Courtesy of JTA Temple Emanuel in Pueblo, Colo., was targeted in a bombing plot, according to court documents.

Courtesy of JTA

Temple Emanuel in Pueblo, Colo., was targeted in a bombing plot, according to court documents. 


(JTA) — A white supremacist has been arrested for plotting to blow up a synagogue in Colorado.

Richard Holzer, 27, was charged for planning to attack Temple Emanuel, a congregation in Pueblo of 35 families whose building dates to 1900.

According to an affidavit describing the charges, Holzer is a self-described “skinhead” and former Ku Klux Klan member who has used Facebook to “promote white supremacy ideology and acts of violence.”

The affidavit describes weeks of undercover work by the FBI leading to Holzer’s arrest Nov. 1, beginning with an undercover agent making first contact with Holzer online in September. Holzer told the agent he was preparing for a “RAHOWA,” or racial holy war.

In mid-October, Holzer met for the first time with FBI agents posing as white supremacists and discussed his plan to blow up the synagogue. He also gave them white supremacist paraphernalia, including a flag, patches and a mask.

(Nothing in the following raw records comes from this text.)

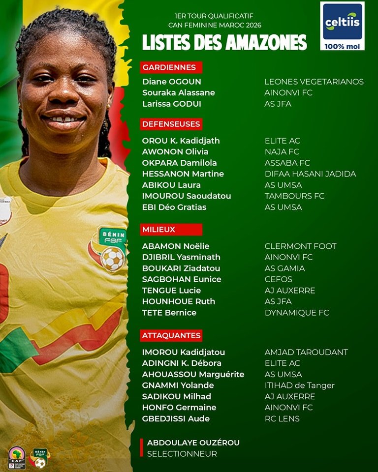 Ce mercredi 19 février 2025, la fédération béninoise de football a révélé al liste des Amazones retenues pour le premier tour des éliminatoires de CAN Féminine 2026. Le Bénin se prépare pour des matchs aller et retour contre la Sierra Leone.
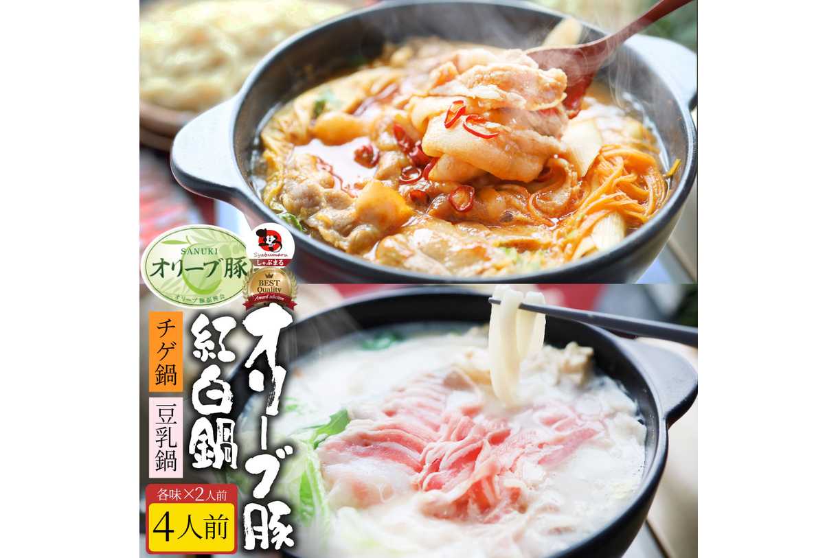 オリーブ豚を特製ダレに漬け込んだ簡単調理の贅沢食べ比べ紅白セット。
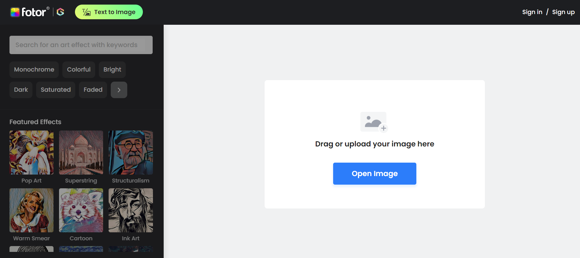 Fotor Go Art — генератор искусств на основе искусственного интеллекта, который приобрел популярность. Основанный в 2014 году, он превратился из приложений для загрузки фотографий в удобную структуру искусственного интеллекта, которая предлагает различные функции для расширения изображений. Fotor Go Art продолжает использовать свои возможности для извлечения фотографий в своем инструменте искусственного интеллекта и использует создание изображений на основе файлов с помощью подсказок извлечения текста в изображение.
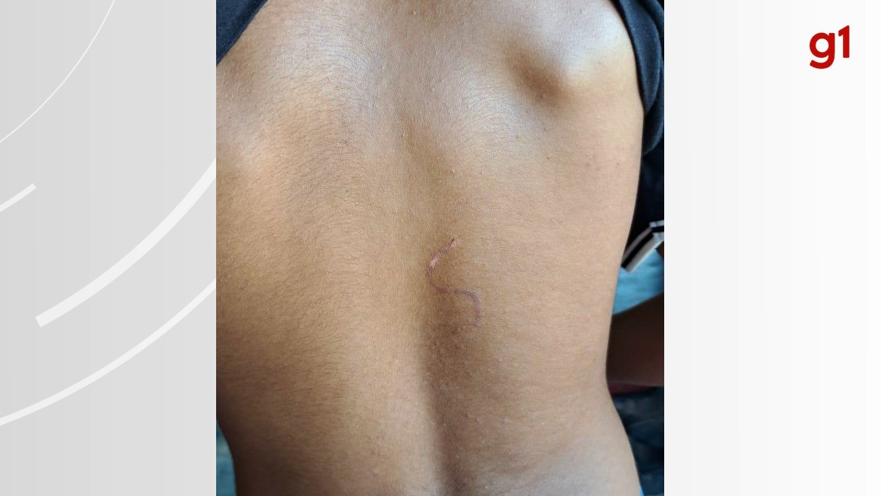 Nas imagens cedidas pela família é possível ver a marca do ferro nas costas do adolescente, formando um número 5 de ponta-cabeça.
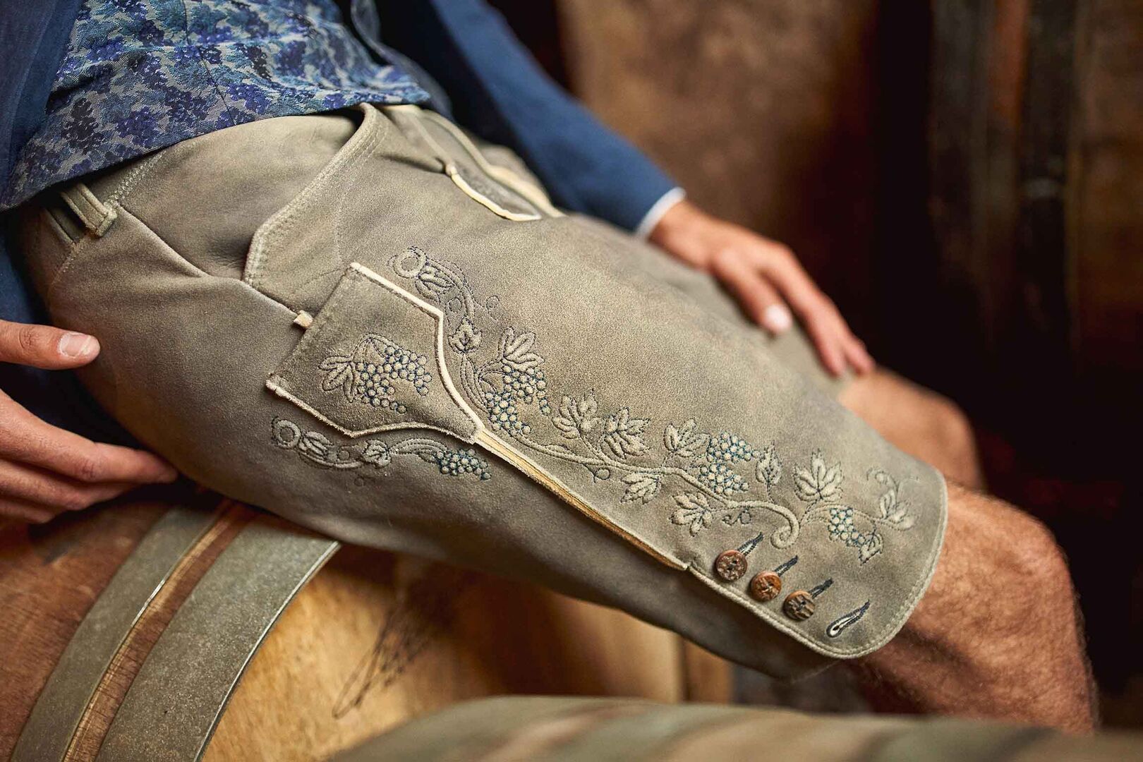 Die elegante und hochwertige Lederhose wird momentan in zwei Ausführungen vom Traditionshaus Meindl produziert: in braunem Hirschleder und grauem Ziegenleder. Weitere Modelle sind in Planung. Passend zum Thema sind beide Ausführungen mit Weintrauben und -ranken bestickt und außerdem perfekt kombinierbar mit den stilvollen Mothwurf-Gilets und -Jacken für Männer.
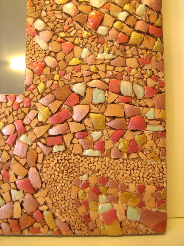 Aldahara ha realizado éste marco de espejo, es un mosaico de cáscaras de huevo.
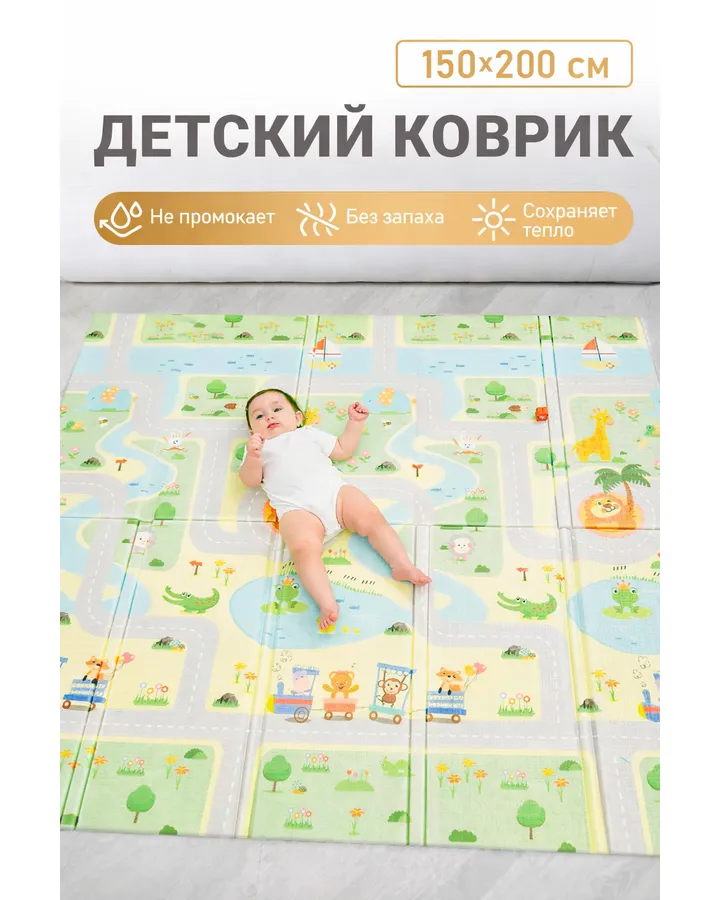 Детский складной коврик MIKMEL Дороги Холмы 150 x 200 см
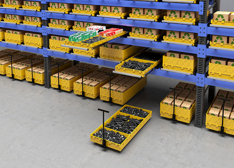 Модуль встраиваемый в стандартный евростеллаж. Распределенная нагрузка до 25 кг. Размещение до 8 наименований товара изолированно друг от друга. Глубина (выдвинутая) - 1910 мм
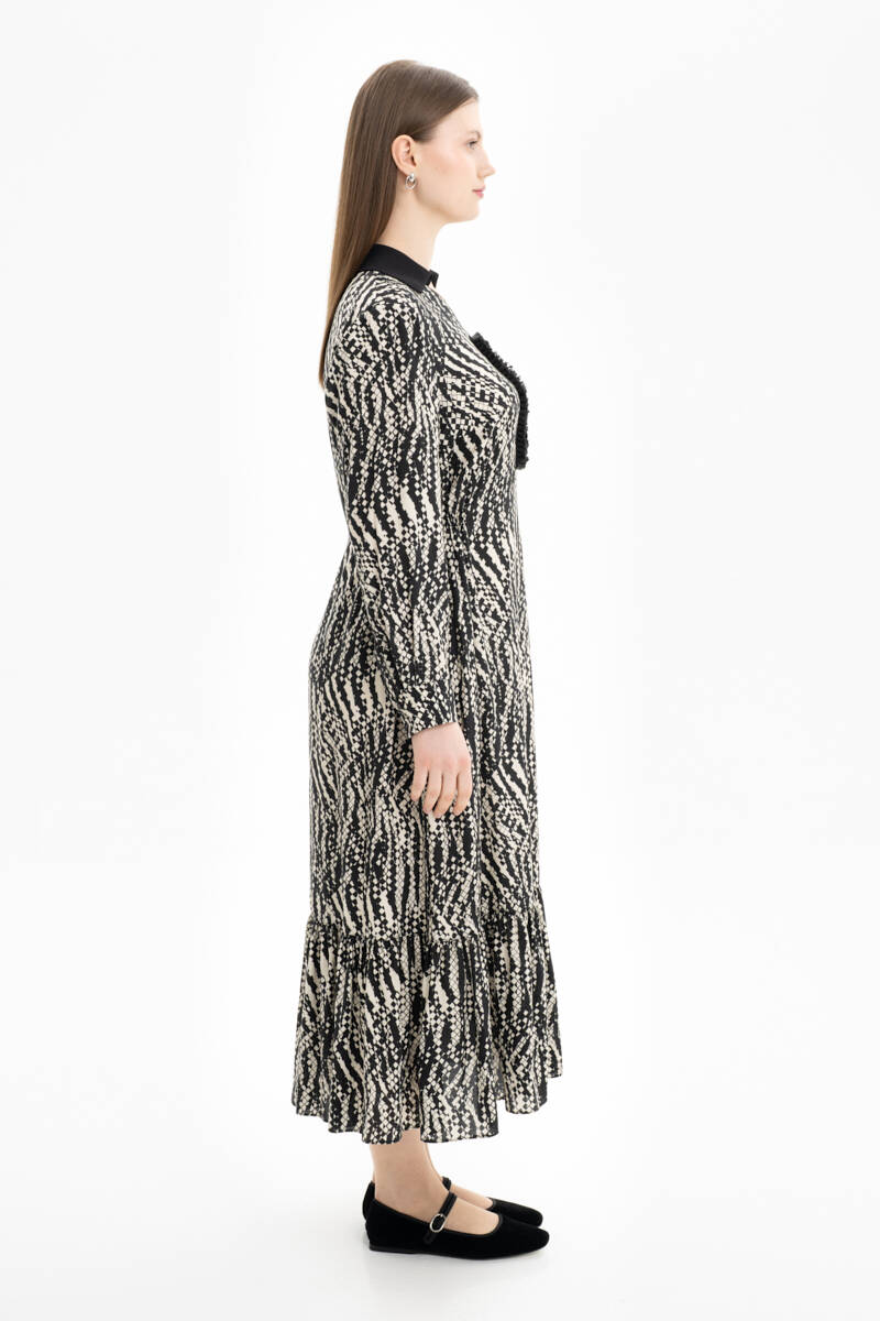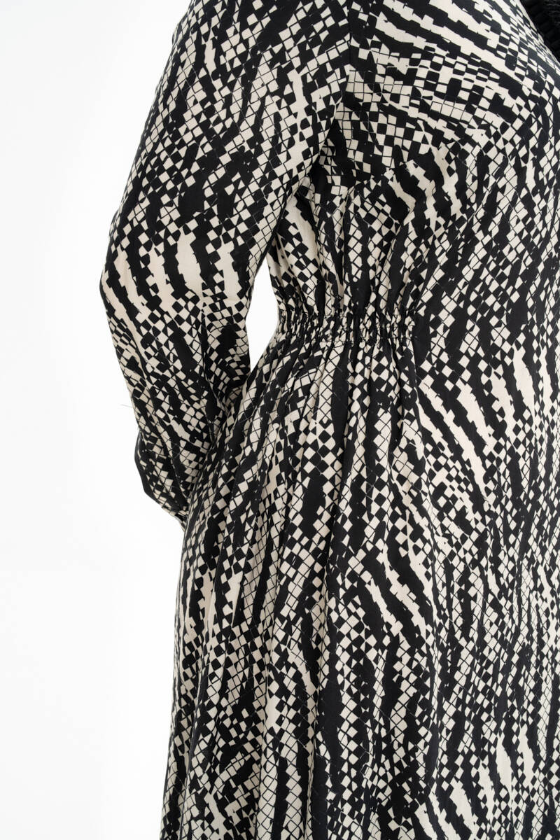 خليط القماش: النسيج الأساسي: 50% لايوسل، القماش الأساسي: 50% فيسكوز. الغسيل: لا تغسل المبيضات: لا تستخدم المبيضات، التجفيف: لا يمكن استخدام التجفيف بالمجفف، الكي: الكي على درجة حرارة 110 درجة مئوية كحد أقصى، التنظيف الجاف: يمكن إجراء التنظيف الجاف.
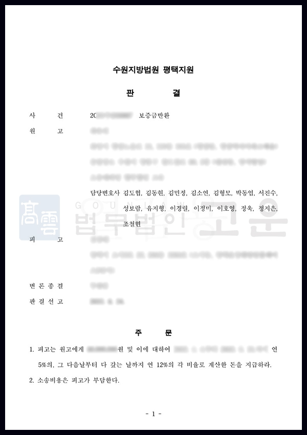 재판부는 법무법인 고운의 주장을 받아들여 B로 하여금 보증금을 반환할 것은 물론, 지급이 늦어진 만큼의 지연이자를 지급하라고 판결하였습니다. 또한 가압류 신청도 받아들여 B가 멋대로 부동산을 증여하거나 처분하지 못하도록 막는데 성공하였습니다.
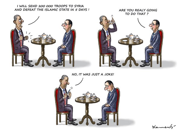وعن توقعات قيام الحرب العالمية الثالثة ضد تنظيم الدولة نشرت “بولتيكال كارتونز” هذا الرسم:
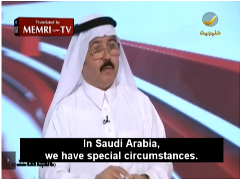Since the rape argument didn’t seem to be convincing anyone, al-Saadoon tried another approach, claiming that women are treated “like queens” in Saudi Arabia because they are driven around by the men of the family and male chauffeurs. That led the host to ask if he wasn’t afraid that women might be raped by their chauffeurs.
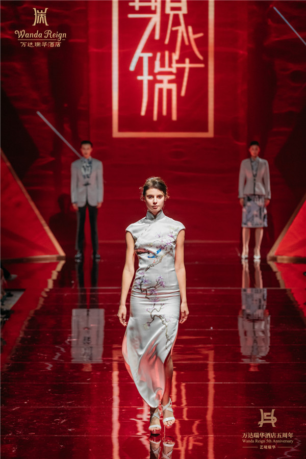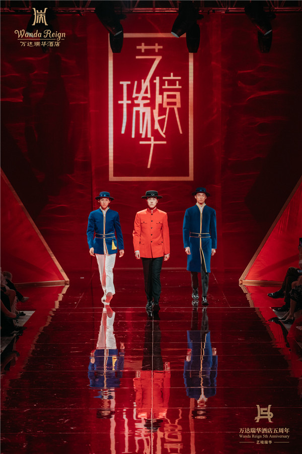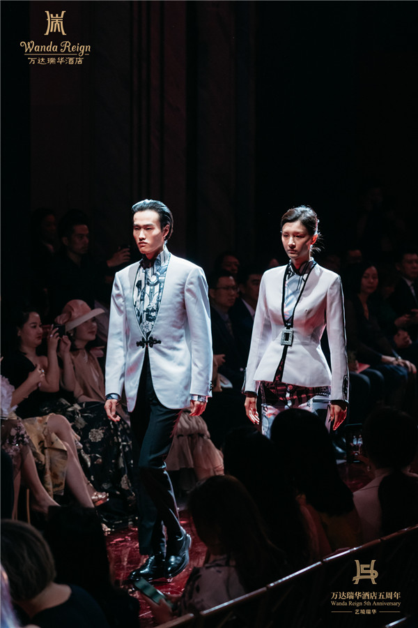 万达瑞华五周年之际,万达酒店及度假村再度携手多次受邀参加巴黎高级定制时装周的国际知名设计师劳伦斯·许续写品牌华彩新篇章。在庆典上,劳伦斯·许首先为嘉宾们带来了主题为“玉兰逢春”的全新万达瑞华员工华服。其设计采用上海市市花玉兰花元素,寓意“玉兰逢春、明媚夺目”;借鉴万达瑞华酒店“Art Deco”装饰艺术风格,运用立体裁剪工艺,让制服具有结构感的纹理;劳伦斯·许亲自设计并推出了万达瑞华五周年限量款男士口袋巾和女士方巾,为万达瑞华风华五载献礼,将是 “艺境瑞华”内涵的再次延伸。

Holzer also claimed to have enlisted a Mexican ally in a scheme last year to poison the synagogue’s water supply with arsenic — he said it led to the synagogue being shut down. But Helena Atlas-Acuna, the synagogue’s board secretary, said the water supply was not, in fact, poisoned.

“I want something that tells them they are not welcome in this town,” Holzer said, according to the affidavit. “Better get the f— out, otherwise people will die.”

Over the course of the next two weeks, the agents purported to work with Holzer on building bombs and planning to blow up the synagogue. Holzer scoped out the building multiple times.

On Nov. 1, Holzer met again with the agents, who presented him with fake bombs they said could blow up the synagogue. Upon seeing the bombs, which were inert, Holzer said “This is absolutely gorgeous.”

Holzer was arrested subsequently and charged with attempting to obstruct religious exercise by force using explosives and fire. Following the arrest, Holzer admitted that he had planned to blow up the synagogue, even if there were people inside.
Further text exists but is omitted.